Stored entries
########

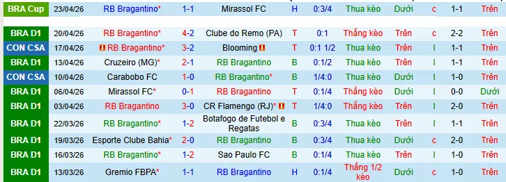 + Bragantino thua 4 trong 5 trận gần đây theo kèo châu Á.
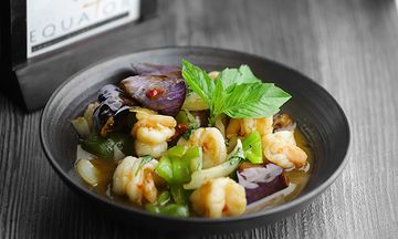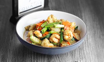 Eggplant, bell peppers & onions in rich roasted chili sauce with seafood of your choice <light spicy>
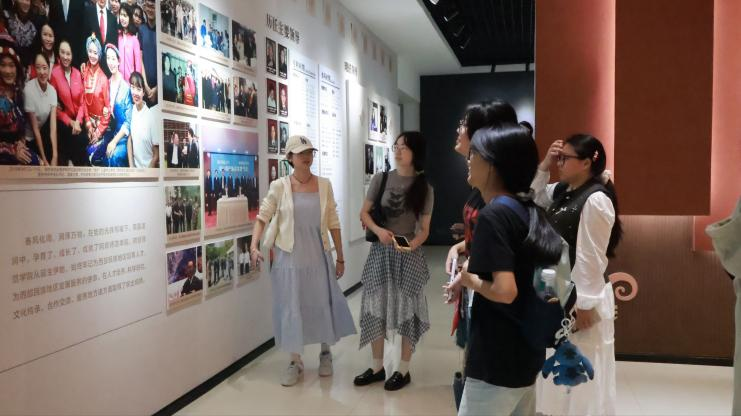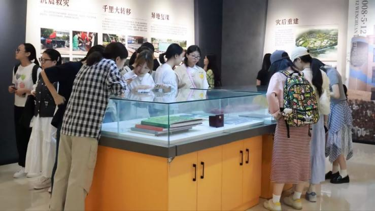 在漆宇老师的生动讲述和引领下,同学们依次参观了“历史沿革”“办学成就”“校友风采”三大主题展区。通过珍贵的实物陈列、历史影像和文献资料,她系统介绍了学校自创立以来的发展历程与辉煌成就,着重讲述了办学特色和历代师生砥砺奋进的感人故事。他强调,“自强不息、追求卓越”的学校精神是每一位学子应当传承的宝贵财富,并鼓励新生立足新时代、勇担新使命。
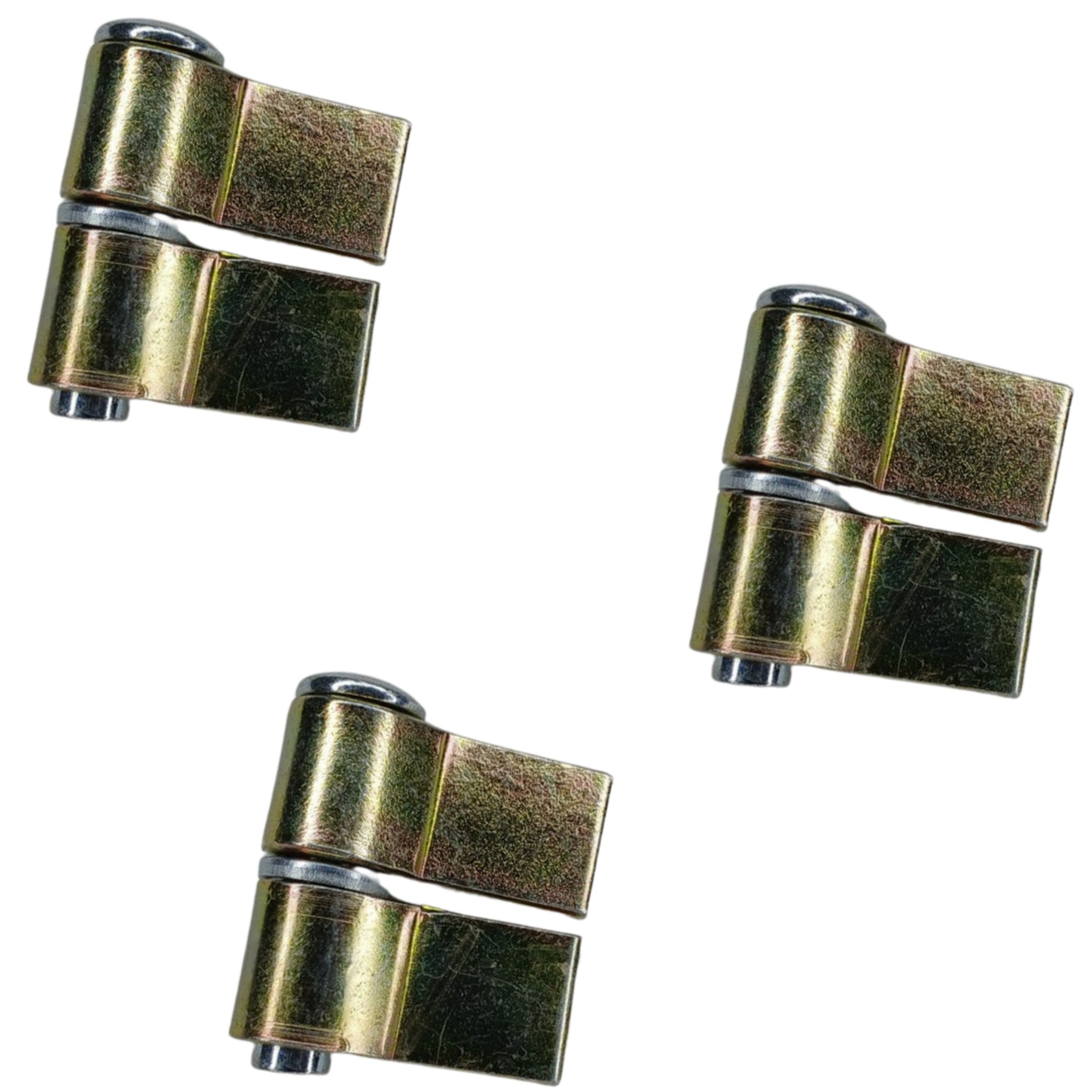 Dobradiça comum em portões ou portas de ferro, são preparadas para aguentar altas cargas de trabalho, estas dobradiças são feitas em chapas de aço maciço de 3mm de espessura, de aço bicromatizado, aguentam com tranquilidade o calor da solda, e funcionam perfeitamente bem em condições extremas de trabalho, seja em áreas no interior do Brasil ou em áreas junto ao litoral, podem ser utilizadas em áreas externas ou áreas internas.
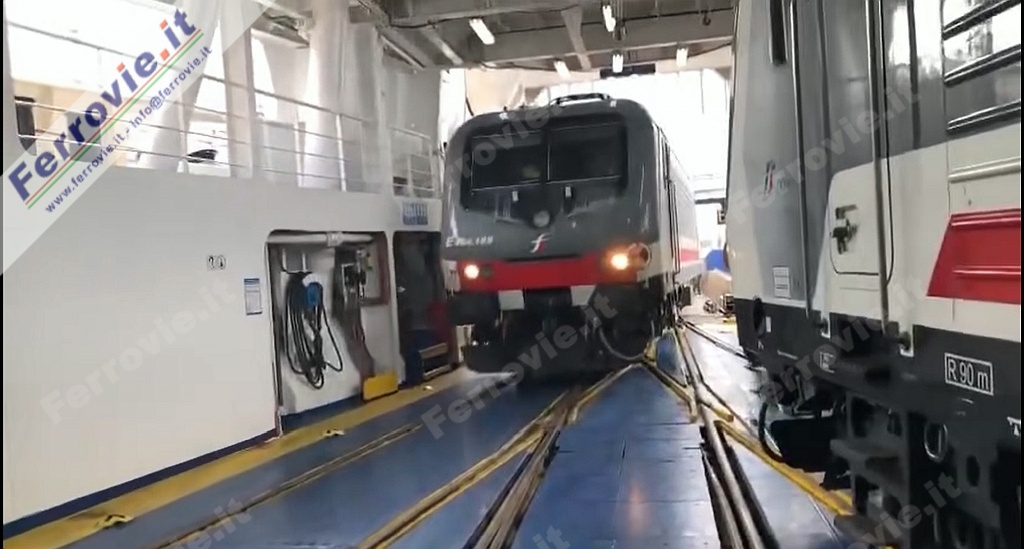 VILLA SAN GIOVANNI (Reggio Calabria) - Dal 10 dicembre via all'imbarco e sbarco autonomo delle E.464 sulle navi traghetto. Dopo la prova dell'Intercity 723 Roma - Siracusa del 1° dicembre che ha raggiunto autonomamente il ponte binari della nave di RFI, è stato ufficializzato l'avvio regolare delle manovre "a batteria" dei treni Intercity diurni che collegano la Capitale alla Sicilia.
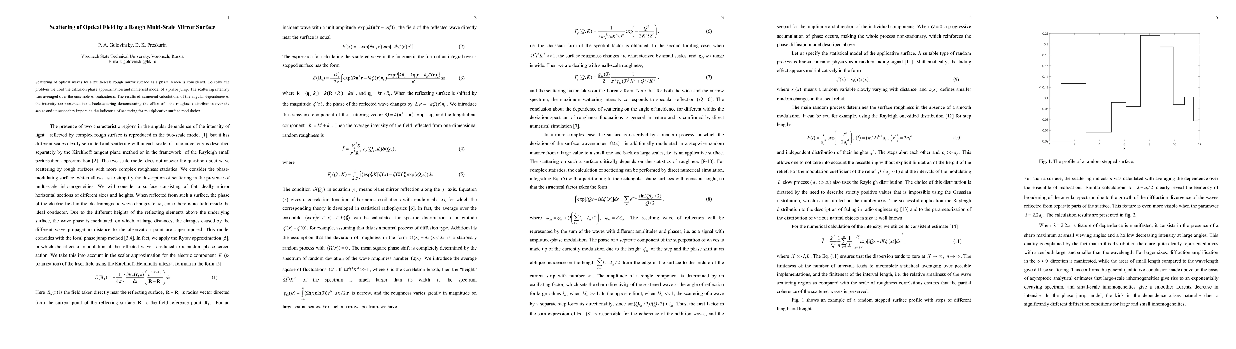 Scattering of optical waves by a multi-scale rough mirror surface as a phase screen is considered. To solve the problem we used the diffusion phase approximation and numerical model of a phase jump. The scattering intensity was averaged over the ensemble of realizations. The results of numerical calculations of the angular dependence of the intensity are presented for a backscattering demonstrating the effect of the roughness distribution over the scales and its secondary impact on the indicatrix of scattering for multiplicative surface modulation.
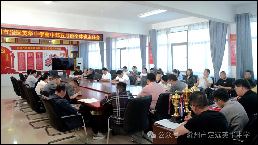 ~ 五月,绿意盎然,生机勃勃,是万物生长的季节。为进一步加强班主任队伍建设,充分发挥班主任在学校教育和管理工作中的重要作用,切实提升德育工作和班级管理的实效性,2024年5月8日下午,滁州市定远英华中学高中部全体班主任工作会议在二楼党员活动室举行。
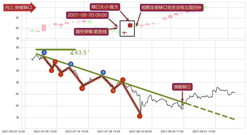 从2021-06-28 11:00至2021-08-23 09:00,共包含237个小时,阶段股价下跌-34.25%,阶段股价变动位移路程比: 1 : 6,下跌趋势角度: 43.5,2021-08-05 09:00向↘︎形成缺口,跳空下跌-18.10%˚
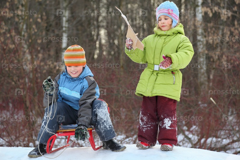 Два ребенка играют в снежном лесу
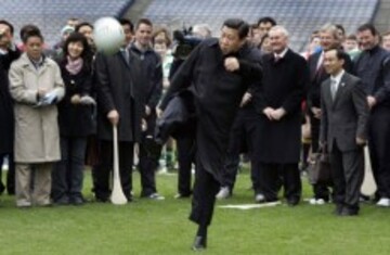 He didn't tog out, but Chinese vice-president Xi Jinping still gave the ball a fair old whack at Croke Park earlier today. Mark Stedman/Photocall Ireland
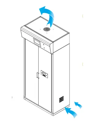 Spintelės viršuje esantis ventiliatorius pritraukia laboratorijoje esantį orą į spintelės vidų.
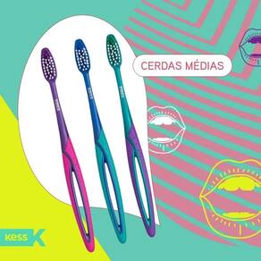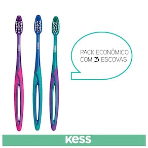Pack c/ 3 Escovas Dentais Basic Plus Cerdas Médias Kess
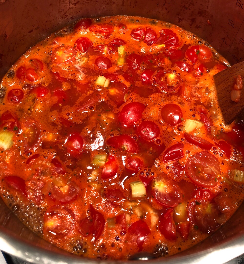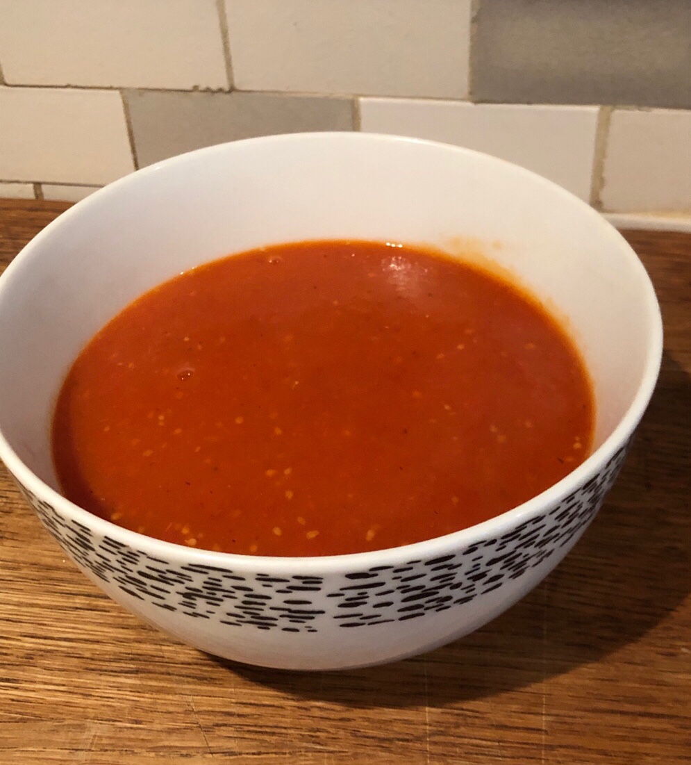 Depending how much liquid the tomatoes produced you may want to keep boiling a little longer to reduce it down – you can decide how thick you want your soup. (You can also add a little cornflour – mix a couple of tbsp in a bowl with cold water and then whisk that into the soup to thicken it).

########

Task directions: Beginning with the line above that has "Eggplant, bell peppers" and going on through the line that has "VILLA SAN GIOVANNI", retype every line exactly and add nothing else; drop the pictures.

Answer to this exercise:
 Eggplant, bell peppers & onions in rich roasted chili sauce with seafood of your choice <light spicy>
 在漆宇老师的生动讲述和引领下,同学们依次参观了“历史沿革”“办学成就”“校友风采”三大主题展区。通过珍贵的实物陈列、历史影像和文献资料,她系统介绍了学校自创立以来的发展历程与辉煌成就,着重讲述了办学特色和历代师生砥砺奋进的感人故事。他强调,“自强不息、追求卓越”的学校精神是每一位学子应当传承的宝贵财富,并鼓励新生立足新时代、勇担新使命。
 Dobradiça comum em portões ou portas de ferro, são preparadas para aguentar altas cargas de trabalho, estas dobradiças são feitas em chapas de aço maciço de 3mm de espessura, de aço bicromatizado, aguentam com tranquilidade o calor da solda, e funcionam perfeitamente bem em condições extremas de trabalho, seja em áreas no interior do Brasil ou em áreas junto ao litoral, podem ser utilizadas em áreas externas ou áreas internas.
 VILLA SAN GIOVANNI (Reggio Calabria) - Dal 10 dicembre via all'imbarco e sbarco autonomo delle E.464 sulle navi traghetto. Dopo la prova dell'Intercity 723 Roma - Siracusa del 1° dicembre che ha raggiunto autonomamente il ponte binari della nave di RFI, è stato ufficializzato l'avvio regolare delle manovre "a batteria" dei treni Intercity diurni che collegano la Capitale alla Sicilia.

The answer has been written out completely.